2. The system of claim 1, wherein the liquid hydrocarbon used in the absorbent system is selected from the group consisting of compressor oil and mineral oil.
3. The system of claim 2, further comprising a chiller, positioned between the absorbent system and the gas-separation module, the chiller comprising means for cooling the output stream of the absorbent system.
4. The system of claim 3, further comprising a carbon bed, positioned between the chiller and the gas-separation module.
5. The system of claim 1, further comprising means for regenerating absorbent in the absorbent system.
6. A method for non-cryogenic separation of a feed gas containing a condensable hydrocarbon, the method comprising the steps of:
a) passing a feed gas containing a condensable hydrocarbon through a liquid absorbent, to produce a gas stream having a reduced content of condensable hydrocarbons, and
b) directing said gas stream into a gas-separation membrane for separating the gas stream into components.
7. The method of claim 6, wherein step (a) comprises passing the feed gas through a liquid hydrocarbon which has an affinity for hydrocarbons.

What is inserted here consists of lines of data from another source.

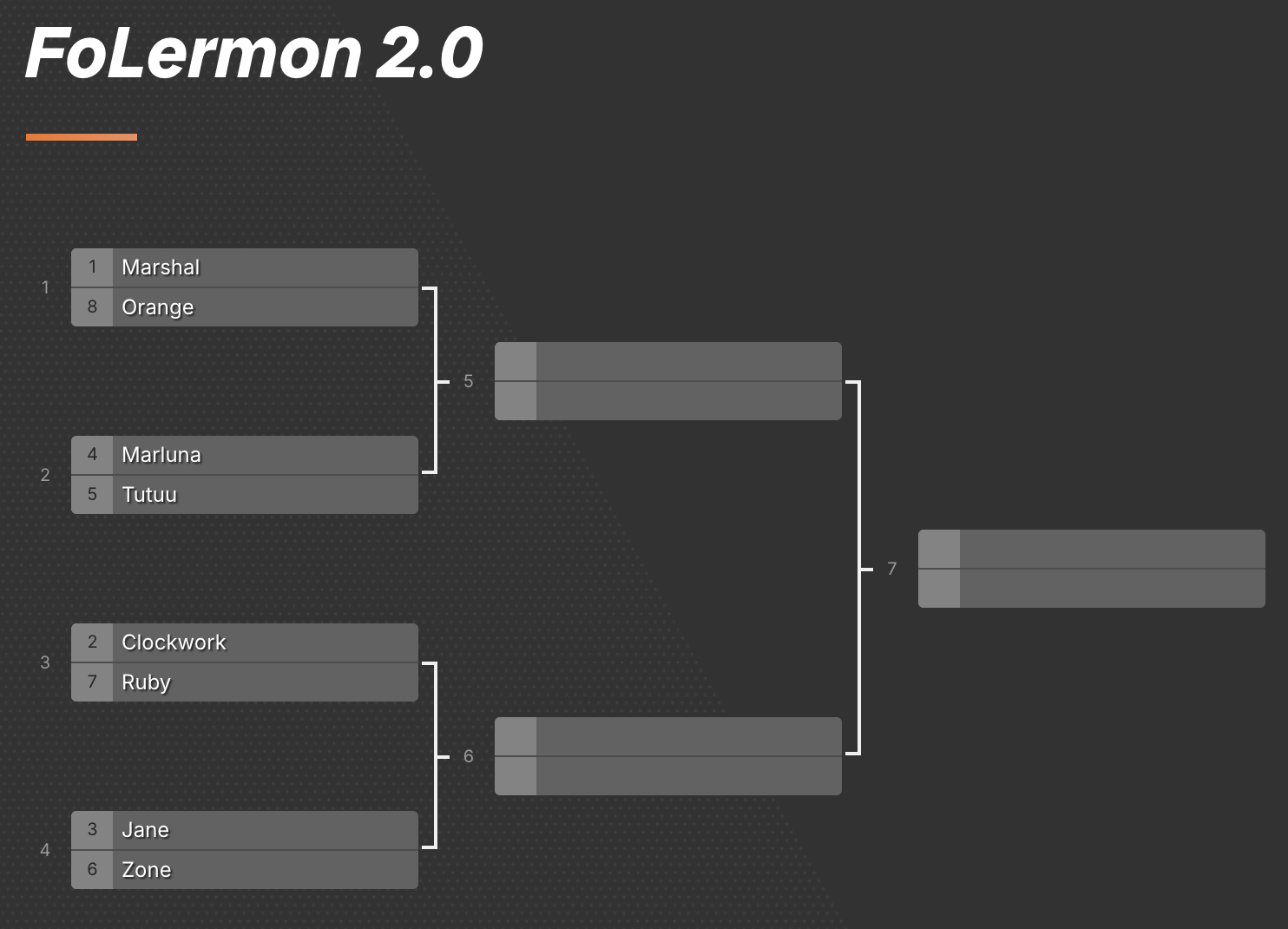 As a reminder, this is a Double Battle: you will be fighting with four FoLermon total, two starting on the field and two remaining in the back. For example, Marluna may lead with May and Hazard, have Kiiruma and Neon in the back, and not bring Jarek and Gummy to the fight.
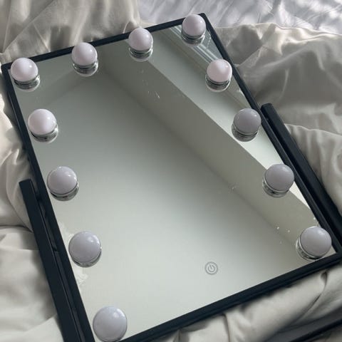 Siisti ja ehjä meikkipeili valoilla, joissa himmennin. Saa pidettyä pöydällä pystyssä takana olevan tuen avulla.
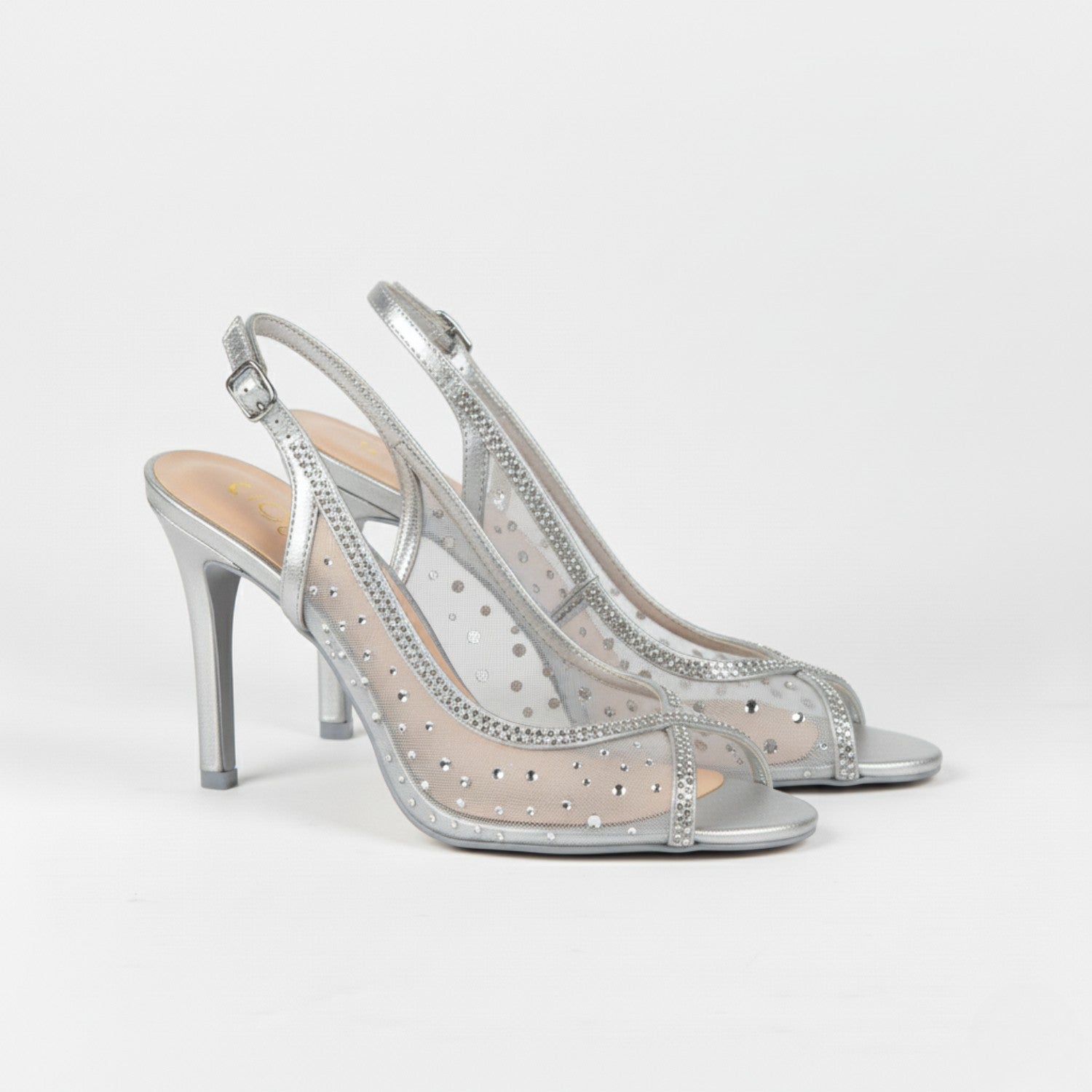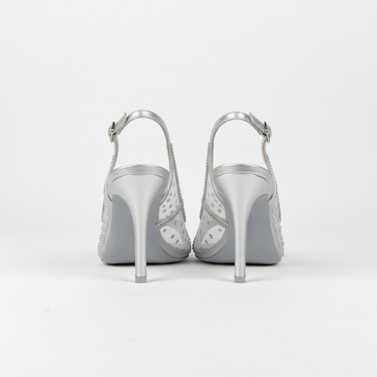 Radiant silver stilettos with mesh rhinestone detailing and open toes—crafted for standout elegance.

8. The method of claim 7, further comprising selecting the liquid hydrocarbon to be a member of the group consisting of compressor oil and mineral oil.
9. The method of claim 6, further comprising chilling said gas stream before performing step (b).
10. The method of claim 6, further comprising chilling said feed gas while performing step (a).
11. The method of claim 9, further comprising passing said gas stream through a carbon bed before performing step (b).
12. The method of claim 6, further comprising the step of periodically regenerating the liquid absorbent.
13. The method of claim 12, wherein the regenerating step is selected from the group consisting of reducing a pressure of the liquid absorbent and increasing a temperature of the liquid absorbent.
14. A method for non-cryogenic separation of a feed gas containing a condensable hydrocarbon, the method comprising the steps of:
a) bubbling a feed gas through a liquid hydrocarbon selected from the group consisting of compressor oil and mineral oil, to produce a gas stream having a reduced content of condensable hydrocarbons, and
b) directing said gas stream into a gas-separation membrane for separating the gas stream into components.
15. The method of claim 14, further comprising chilling said gas stream before performing step (b).
16. The method of claim 14, further comprising chilling said feed gas while performing step (a).
17. The method of claim 14, further comprising the step of periodically regenerating the liquid hydrocarbon.
18. The method of claim 17, wherein the regenerating step is selected from the group consisting of reducing a pressure of the liquid hydrocarbon and increasing a temperature of the liquid hydrocarbon.